Al plantearnos el sentido de la vida, deberíamos plantearnos también el sentido de la muerte, porque en este mundo solo estamos de paso, y a veces vivimos como si nunca fuésemos a morir. ¡Ah! ¿Ya pensamos que un día nos presentaremos ante Dios y que Él juzgará nuestra vida?
La vejez y la enfermedad nos muestran la caducidad de la existencia humana, pero al mismo tiempo, junto con el sufrimiento y la incertidumbre que comportan, también nos abren las puertas de la esperanza gracias al ejemplo de Jesucristo, que se acercaba a los enfermos, se compadecía de ellos y los curaba. Jesucristo curaba a los enfermos en un doble sentido: a unos los sanaba de su enfermedad y a otros los confortaba espiritualmente; ahora bien, en ambos casos, los enfermos recibían en perdón de sus pecados.

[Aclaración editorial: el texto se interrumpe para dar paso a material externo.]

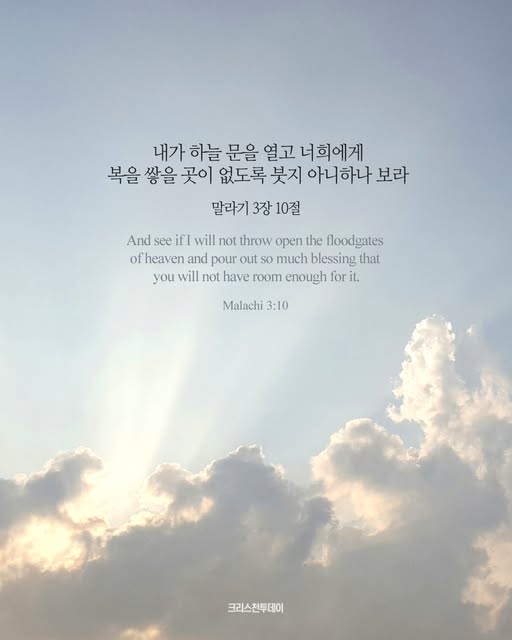 | 만군의 여호와가 이르노라 너희의 온전한 십일조를 창고에 들여 나의 집에 양식이 있게 하고 그것으로 나를 시험하여 내가 하늘 문을 열고 너희에게 복을 쌓을 곳이 없도록 붓지 아니하나 보라 만군의 여호와가 이르노라 내가 너희를 위하여 메뚜기를 금하여 너희 토지 소산을 먹어 없애지 못하게 하며 너희 밭의 포도나무 열매가 기한 전에 떨어지지 않게 하리니 너희 땅이 아름다워지므로 모든 이방인들이 너희를 복되다 하리라 만군의 여호와의 말이니라 (말라기3:10~12) 아멘. |
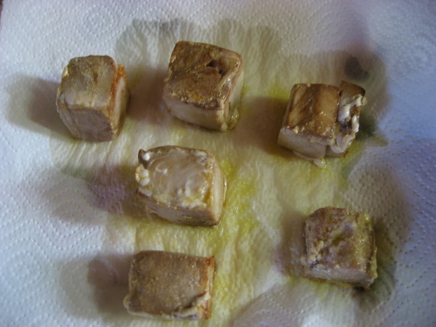 3º " Los sacamos y los secamos con un papel absorbente antes de pasarlos por la plancha, si tenéis, o como yo que soy de cocina pobre por la sartén, je.je.je. Solo vuelta y vuelta, la cuestión es hacerlos a fuego fuerte y solo darles un toque por cada lado ya que en su interior tienen que quedar casi crudo el Bonito. Vale que lo de crudo no os va mucho. Lo colocamos una vez pasados por la sartén un momento en microondas y ya lo tenemos cocido por dentro. Ya sabéis que casi todo tiene solución.

Esta acción de Jesucristo y su misericordia hacia los enfermos se manifiesta hoy en el sacramento de la unción y en la comunión llevada a las personas que sufren en el lecho del dolor. La unción no es un acto siniestro, ni la corroboración de una sentencia de muerte ante un hecho irreversible, sino un sacramento que conforta a los enfermos en el proceso de su enfermedad y en el que, en algunos casos, Dios les devuelve incluso la salud física perdida. Por eso, la unción no es un sacramento para darlo in extremis a los moribundos, sino un sacramento para los enfermos, aunque de su enfermedad no se derive un peligro de muerte inminente.
Es triste ver como hay personas que, aunque se consideran cristianas, no llaman al sacerdote para que visite a sus familiares enfermos, privándoles así de una ayuda espiritual de primer orden; o bien, cuando avisan, lo hacen cuando el enfermo ya está inconsciente, o quizás acaba de morir. «No queremos que se asuste», acostumbran a decir, ¡Dios mío, qué visión tan triste del sacramento de la unción, del ministerio sacerdotal y de la cura de los enfermos en general! No quiero exagerar, pero me vienen a la mente las palabras que dijo un sacerdote mayor hace ya años: «Mejor es morir asustado que morir condenado», porque el susto pasará cuando participemos de la gloria de Dios, pero la condenación… eso sí que no tendrá remedio, sobre todo si hemos rechazado todas las ayudas de la gracia que Dios nos ha dado. Por otra parte, quienes tienen miedo de asustar al enfermo, ¿tendrían el mismo temor su lo tuvieran que convencer para que firmara el testamento? ¿Llevar a un notario ante el lecho de un moribundo no asusta y llevar a un sacerdote sí?
Aprovechemos y valoremos, pues, todos los medios que Dios nos concede para cultivar nuestra relación con Él; no vivamos en el olvido de todo ni en la despreocupación, ni a lo largo de la vida, ni en la enfermedad, ni en la hora de la muerte, porque en todas las etapas de la existencia necesitamos el alimento espiritual que nos fortalece y hace más estrecha y profunda nuestra relación con el Señor.